■ TO DO ■
Would you reproduce each line below exactly, leaving every picture out?
*** Opening COLLECTED MATERIAL ***
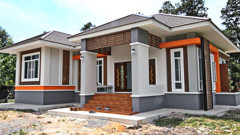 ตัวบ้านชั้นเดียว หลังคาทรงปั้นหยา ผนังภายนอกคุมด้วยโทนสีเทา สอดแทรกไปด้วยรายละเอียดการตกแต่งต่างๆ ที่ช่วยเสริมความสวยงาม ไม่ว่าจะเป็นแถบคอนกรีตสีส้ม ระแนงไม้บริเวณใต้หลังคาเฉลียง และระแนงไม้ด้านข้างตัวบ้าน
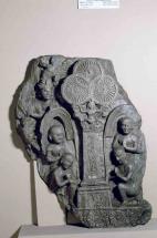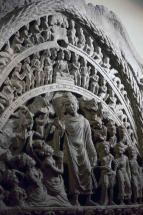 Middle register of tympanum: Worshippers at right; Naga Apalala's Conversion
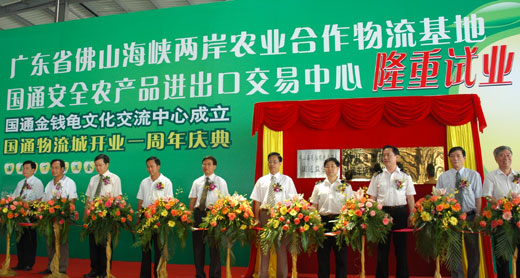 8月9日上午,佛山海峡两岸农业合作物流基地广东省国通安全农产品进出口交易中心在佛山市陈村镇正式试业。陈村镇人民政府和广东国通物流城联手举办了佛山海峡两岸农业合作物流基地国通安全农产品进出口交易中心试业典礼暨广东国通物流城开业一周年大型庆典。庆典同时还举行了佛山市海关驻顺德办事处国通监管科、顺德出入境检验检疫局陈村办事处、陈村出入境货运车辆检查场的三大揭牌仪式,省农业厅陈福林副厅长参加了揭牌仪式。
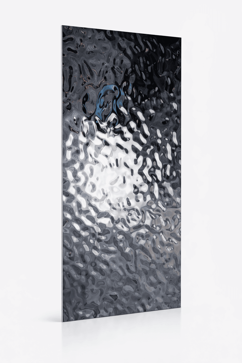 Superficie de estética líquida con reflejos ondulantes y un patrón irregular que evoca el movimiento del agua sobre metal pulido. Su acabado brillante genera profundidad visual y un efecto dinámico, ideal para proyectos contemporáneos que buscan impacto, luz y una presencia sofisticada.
*** Closing COLLECTED MATERIAL ***
■ RESPONSE AREA ■
 ตัวบ้านชั้นเดียว หลังคาทรงปั้นหยา ผนังภายนอกคุมด้วยโทนสีเทา สอดแทรกไปด้วยรายละเอียดการตกแต่งต่างๆ ที่ช่วยเสริมความสวยงาม ไม่ว่าจะเป็นแถบคอนกรีตสีส้ม ระแนงไม้บริเวณใต้หลังคาเฉลียง และระแนงไม้ด้านข้างตัวบ้าน
 Middle register of tympanum: Worshippers at right; Naga Apalala's Conversion
 8月9日上午,佛山海峡两岸农业合作物流基地广东省国通安全农产品进出口交易中心在佛山市陈村镇正式试业。陈村镇人民政府和广东国通物流城联手举办了佛山海峡两岸农业合作物流基地国通安全农产品进出口交易中心试业典礼暨广东国通物流城开业一周年大型庆典。庆典同时还举行了佛山市海关驻顺德办事处国通监管科、顺德出入境检验检疫局陈村办事处、陈村出入境货运车辆检查场的三大揭牌仪式,省农业厅陈福林副厅长参加了揭牌仪式。
 Superficie de estética líquida con reflejos ondulantes y un patrón irregular que evoca el movimiento del agua sobre metal pulido. Su acabado brillante genera profundidad visual y un efecto dinámico, ideal para proyectos contemporáneos que buscan impacto, luz y una presencia sofisticada.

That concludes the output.